### Dataset content
Start of Block

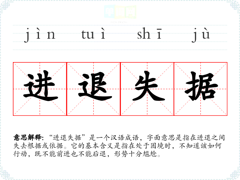 “进退失据”是一个汉语成语,字面意思是指在进退之间失去根据或依据。它的基本含义是指在处于困境时,不知道该如何行动,既不能前进也不能后退,形势十分尴尬。
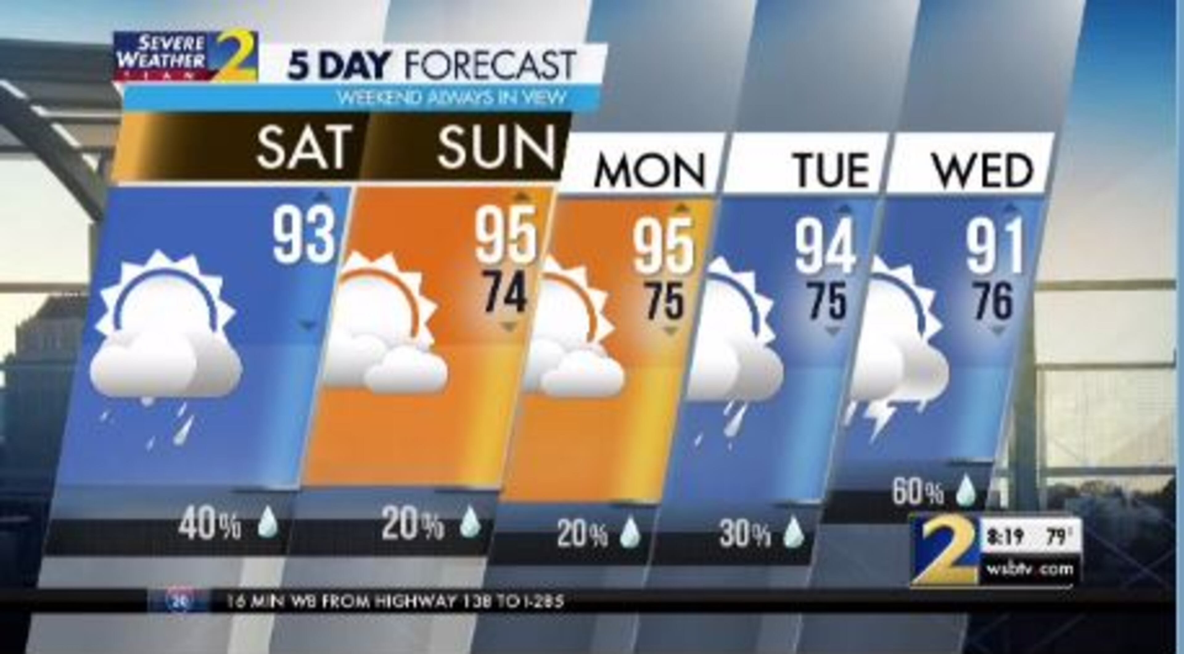Sunday should be drier, with just a 10% chance of rain. Unfortunately ,that also means temperatures will ramp back up into the mid-90s. Those planning on attending the Atlanta United match against New York City FC on Sunday afternoon may want to plan on a warm trip to and from Mercedes-Benz Stadium. Kick off is set for 3:55 p.m.
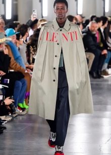 Ένα κομψό στοιχείο της εμφάνισης ενός άνδρα σε άσχημο καιρό θα είναι ένα ευρύχωρο σκηνή αδιάβροχο, κατασκευασμένο από γυαλιστερό αδιάβροχο ύφασμα.Στις προηγούμενες εκθέσεις, αυτό το λειτουργικό στοιχείο της ανδρικής ντουλάπας παρουσιάστηκε στις συλλογές Valentino, Louis Vuitton, Emporio Armani και Fendi.
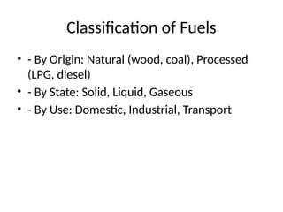 Classification of Fuels The kinds of fuels are classified into Solid, Liq..

End of Block

No pictures should appear in the copy, which holds exactly the lines from the first line of the data through the line with "Sunday should be" and nothing else.

 “进退失据”是一个汉语成语,字面意思是指在进退之间失去根据或依据。它的基本含义是指在处于困境时,不知道该如何行动,既不能前进也不能后退,形势十分尴尬。
Sunday should be drier, with just a 10% chance of rain. Unfortunately ,that also means temperatures will ramp back up into the mid-90s. Those planning on attending the Atlanta United match against New York City FC on Sunday afternoon may want to plan on a warm trip to and from Mercedes-Benz Stadium. Kick off is set for 3:55 p.m.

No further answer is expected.